EXERCISE AIM: The line containing "Notranja toplotna črpalka" marks the end; return exactly every line from the start of the records up to and including it, but no pictures.

= Beginning of Section =

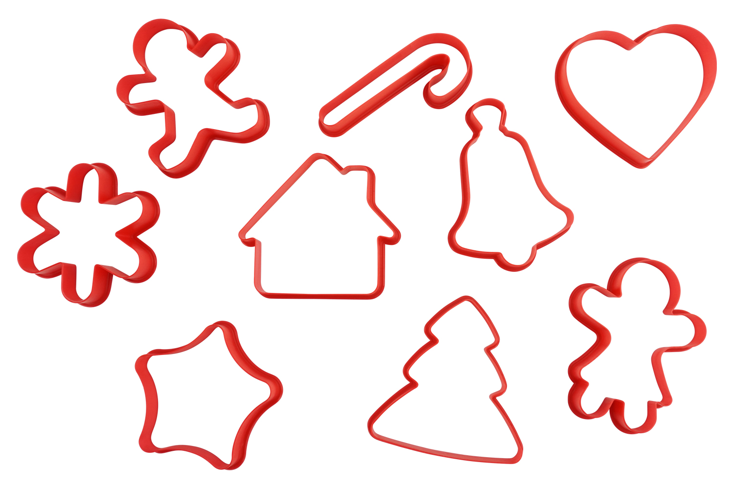 - Lote de 9 formas: hombre de pan de jengibre, árbol de Navidad, campana, copo de nieve, casa, corazón, caramelo, estrella, muñeco de nieve
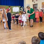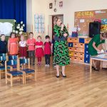 Zgromadzonych gości przywitała pani dyrektor Małgorzata Florczak, która w kilku słowach przypomniała wszystkim, że bycie nauczycielem nie jest jedynie profesją, ale całożyciową misją. Pani dyrektor wyróżniła za pracę na rzecz środowiska lokalnego i zaangażowanie dwoje nauczycieli wręczając im nagrody dyrektora. Zebrani goście, emerytowani nauczyciele, pracownicy placówki i przedszkolaki z przyjemnością obejrzały występ dzieci z oddziału Biedronki, które zaprezentowały inscenizację do utworu „Jak wróbelek Elemelek w szkole uczył się literek”. Dzieci do występu przygotowała pani Celina Wolanin.
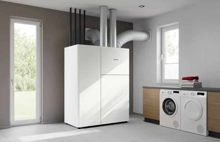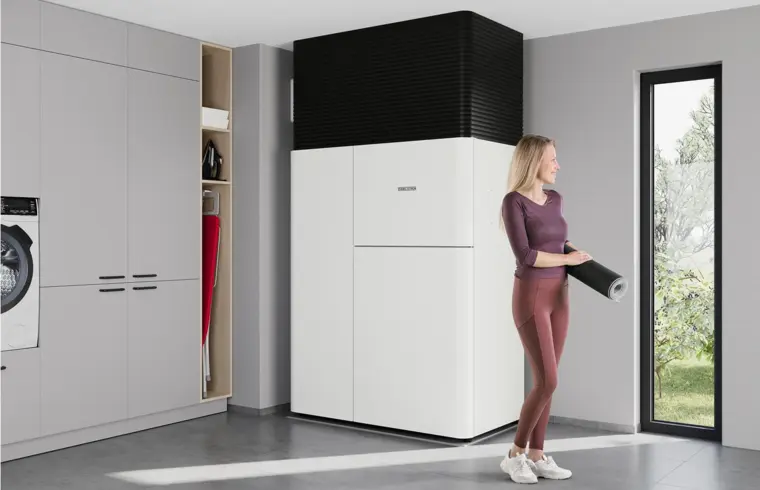 Notranja toplotna črpalka zrak-voda s prezračevanjem LWZ Premium je v celoti nameščena v notranjosti hiše in ne potrebuje zunanje enote. Na zgolj 1,1 m² združuje ogrevanje, hlajenje, pripravo tople vode in prezračevanje, zato je idealna rešitev za manjše pomožne prostore. Ker je sistem skrit v notranjosti, vrt ostaja nedotaknjen, delovanje pa je izjemno tiho in nemoteče za vas in okolico.
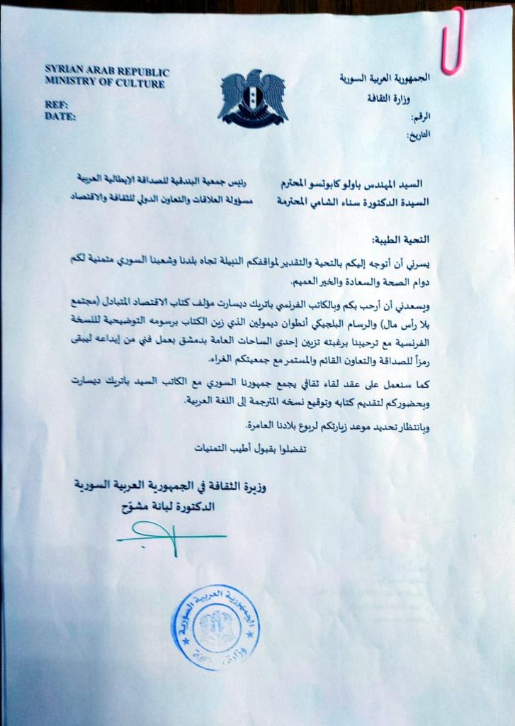 و بالتحديد إلى رئيس الجمعية المهندس باولو كابوتسو و مسؤولة العلاقات الدولية الإقتصادية - الثقافية الدكتوره سناء شامي، نشكرهما على جهودهما النبيلة. كما أكدت ترحيبها بالكاتب باتريك ديسّارت مؤلف كتاب الإقتصاد المتبادل (مجتمع من غير رأس مال)، و الرسام آنطوان ديمولين الذي زيّن الكتاب برسومه التوضيحية للكتاب. كما رحبت الوزيرة برغبة آنطوان في تزيين إحدى الساحات العامة في دمشق بإحدى رسومه كهدية تعبّر عن الصداقة مع الشعب السوري. كما أكدت الوزيرة على عقد لقاء ثقافي يجمع الكاتب باتريك مع الجمهور السوري لنقاش كتابه، و لتوقيع أول نسخة من كتابه الذي تمّ ترجمته إلى اللغه العربية. ثم ختمت الوزيرة رسالتها بالتمنيات الطيبة انا إلى حين اللقاء في سوريا.
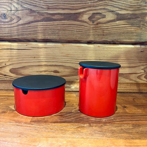 Stelton mælkekande og sukkerskål i rød plast med tilhørende sorte låg.
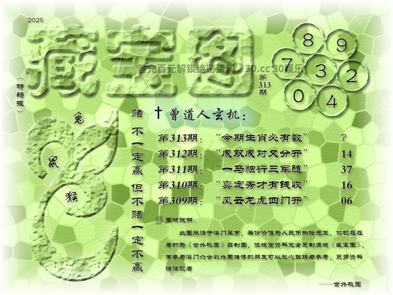 308期:九肖╠马猴蛇鸡猪狗羊龙鼠╣开:兔39
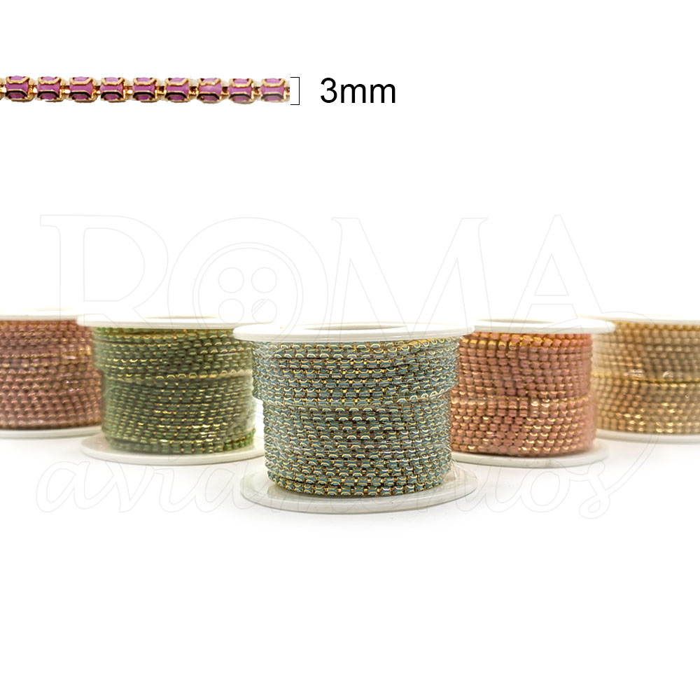 Aqui na Roma Aviamentos você encontra corrente de pedras perfeita para acabamentos em roupas, tecidos, bijuterias, potes e outros diversos objetos. Nossa correntes possuem diversas cores super brilhantes e fáceis de trabalhar.

= End of Section =

RESULT FOR THIS TASK:
 - Lote de 9 formas: hombre de pan de jengibre, árbol de Navidad, campana, copo de nieve, casa, corazón, caramelo, estrella, muñeco de nieve
 Zgromadzonych gości przywitała pani dyrektor Małgorzata Florczak, która w kilku słowach przypomniała wszystkim, że bycie nauczycielem nie jest jedynie profesją, ale całożyciową misją. Pani dyrektor wyróżniła za pracę na rzecz środowiska lokalnego i zaangażowanie dwoje nauczycieli wręczając im nagrody dyrektora. Zebrani goście, emerytowani nauczyciele, pracownicy placówki i przedszkolaki z przyjemnością obejrzały występ dzieci z oddziału Biedronki, które zaprezentowały inscenizację do utworu „Jak wróbelek Elemelek w szkole uczył się literek”. Dzieci do występu przygotowała pani Celina Wolanin.
 Notranja toplotna črpalka zrak-voda s prezračevanjem LWZ Premium je v celoti nameščena v notranjosti hiše in ne potrebuje zunanje enote. Na zgolj 1,1 m² združuje ogrevanje, hlajenje, pripravo tople vode in prezračevanje, zato je idealna rešitev za manjše pomožne prostore. Ker je sistem skrit v notranjosti, vrt ostaja nedotaknjen, delovanje pa je izjemno tiho in nemoteče za vas in okolico.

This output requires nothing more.